WELLINGTON — New Zealand's most famous sheep, a merino named Shrek that became a celebrity when he was found in 2004 after six years on the loose, has died at a South Island farm, his owner said Tuesday.
Shrek went missing from his herd in 1998 and was assumed dead until he was found in a mountain cave six years later, sporting a massive fleece that made him appear three times his normal size.
The public in New Zealand, where sheep outnumber the 4.3 million human population almost 10 to 1, took the rambling ruminant to their hearts.
Television stations carried live broadcasts when a shearer clipped his oversize fleece, which weighed in at almost 27 kilograms (60 pounds), around six times the wool normally gathered from the average merino.
The sheep was flown to meet then prime minister Helen Clark at the national parliament in Wellington, became the subject of several children's books and made regular charity appearances.
But owner John Perriam said Shrek had to be put down over the weekend as, at 16 years old, his health was failing.
"He was just an ordinary sheep, went AWOL and hid, and when he was found he became the darling of the nation," Perriam told TVNZ.
"He had an unbelievable personality.
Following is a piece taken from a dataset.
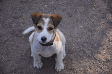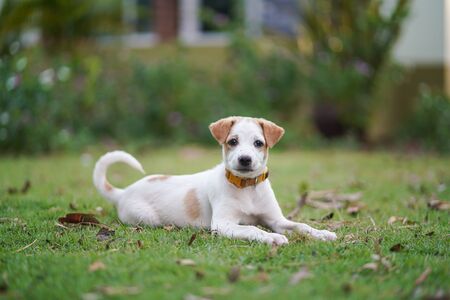 A cute puppy looking at the camera, white Jack Russell Terrier puppy Having fun in summer
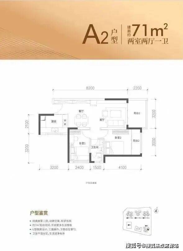 71㎡的2房2厅1卫,设计的是竖厅格局,客厅3.2米开间,进深8.2米,LDKB一体化设计,2个卧室分别做到了主卧12.5㎡/次卧9.12㎡(包含墙体飘窗),U型厨房,卫生间干湿分离,得房率约88%(包含赠送),东南朝向.

He loved children and he was really good with the elderly in retirement homes."
Josie Spillane from the charity Cure Kids said it was impossible to estimate how much money the sheep had raised for worthy causes.
"At the end of the day, it is the death of an iconic Kiwi. He just happens to be a sheep," she told the Southland Times.
Reports said a memorial service would be held for Shrek this week at the Church of the Good Shepherd in Tekapo.